• SUPPLIED DATA:
···

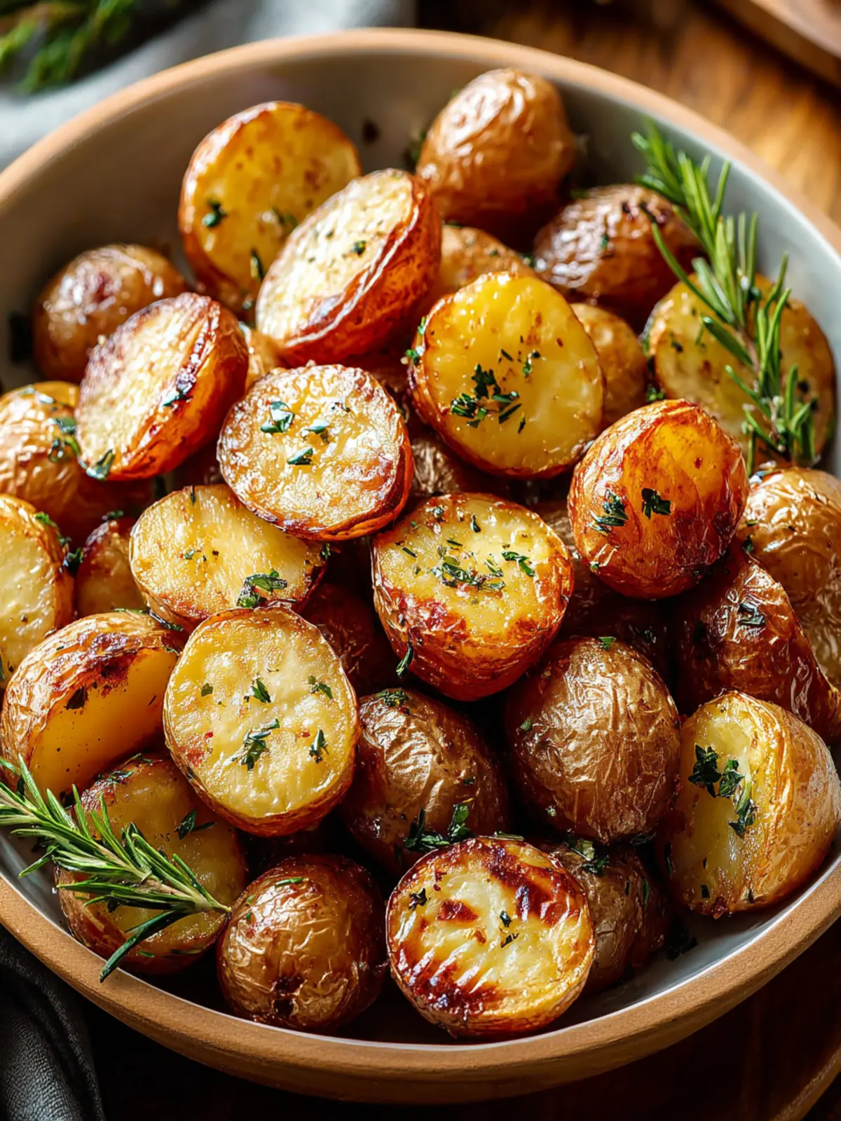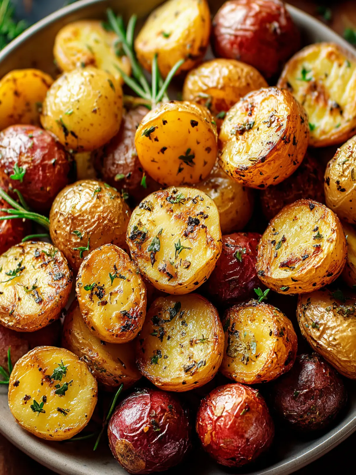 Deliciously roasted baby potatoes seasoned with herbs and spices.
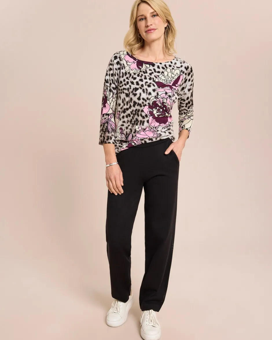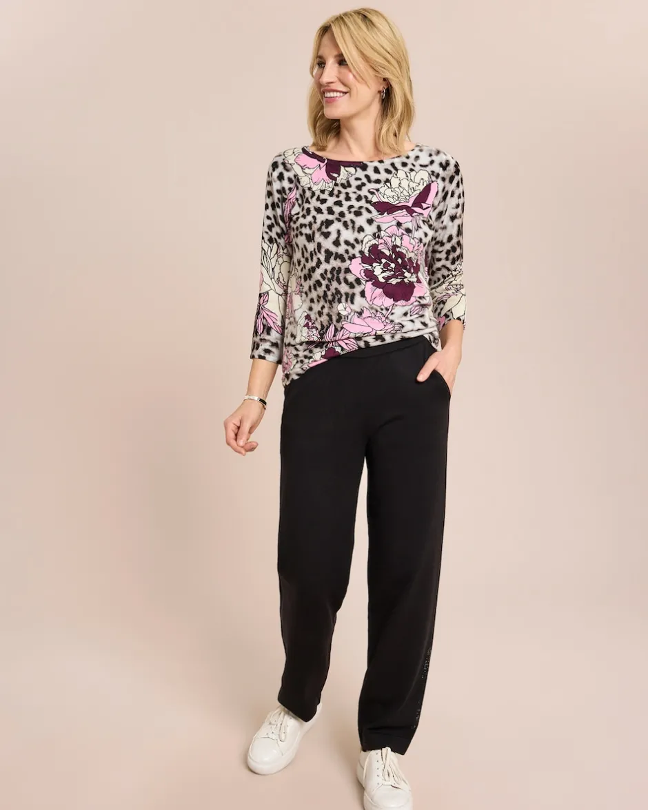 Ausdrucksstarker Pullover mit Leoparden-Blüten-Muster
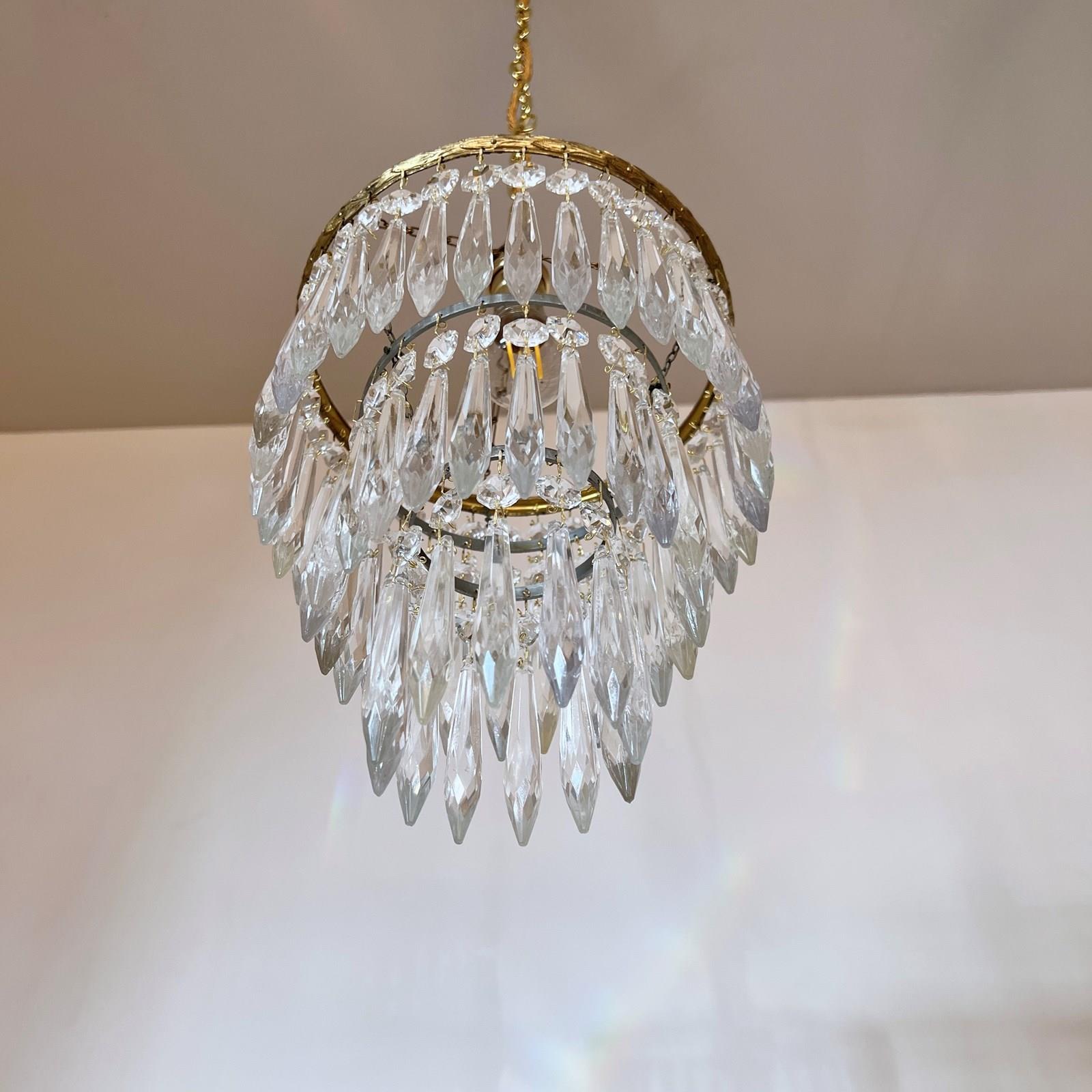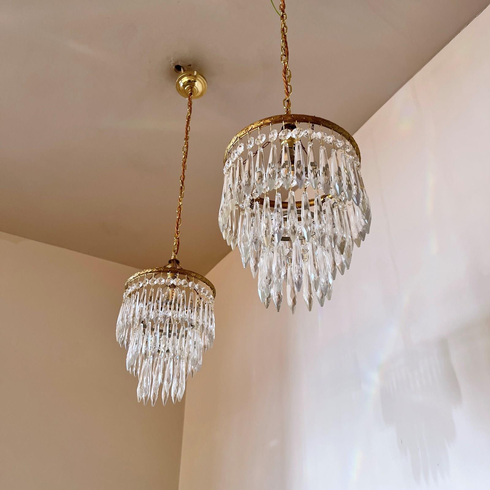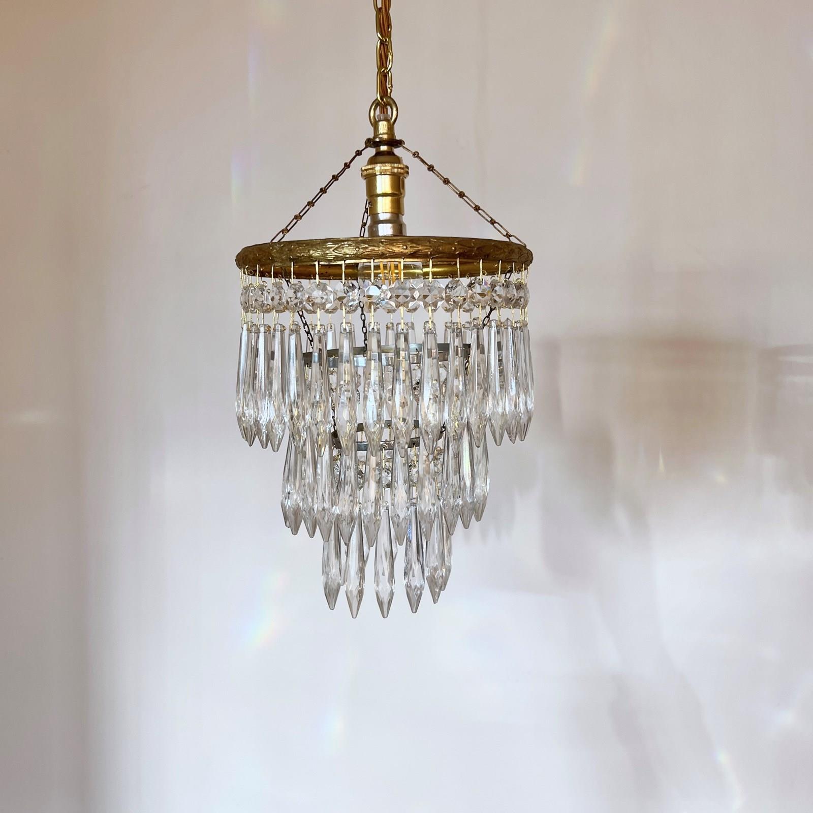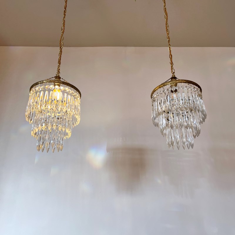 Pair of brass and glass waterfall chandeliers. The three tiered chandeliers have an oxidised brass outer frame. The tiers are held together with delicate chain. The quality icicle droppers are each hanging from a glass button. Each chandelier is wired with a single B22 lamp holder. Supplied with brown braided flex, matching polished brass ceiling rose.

···

• AIM OF THE EXERCISE: Give the data again exactly as it stands, apart from the pictures.

• RESPONSE TO THE TASK:
 Deliciously roasted baby potatoes seasoned with herbs and spices.
 Ausdrucksstarker Pullover mit Leoparden-Blüten-Muster
 Pair of brass and glass waterfall chandeliers. The three tiered chandeliers have an oxidised brass outer frame. The tiers are held together with delicate chain. The quality icicle droppers are each hanging from a glass button. Each chandelier is wired with a single B22 lamp holder. Supplied with brown braided flex, matching polished brass ceiling rose.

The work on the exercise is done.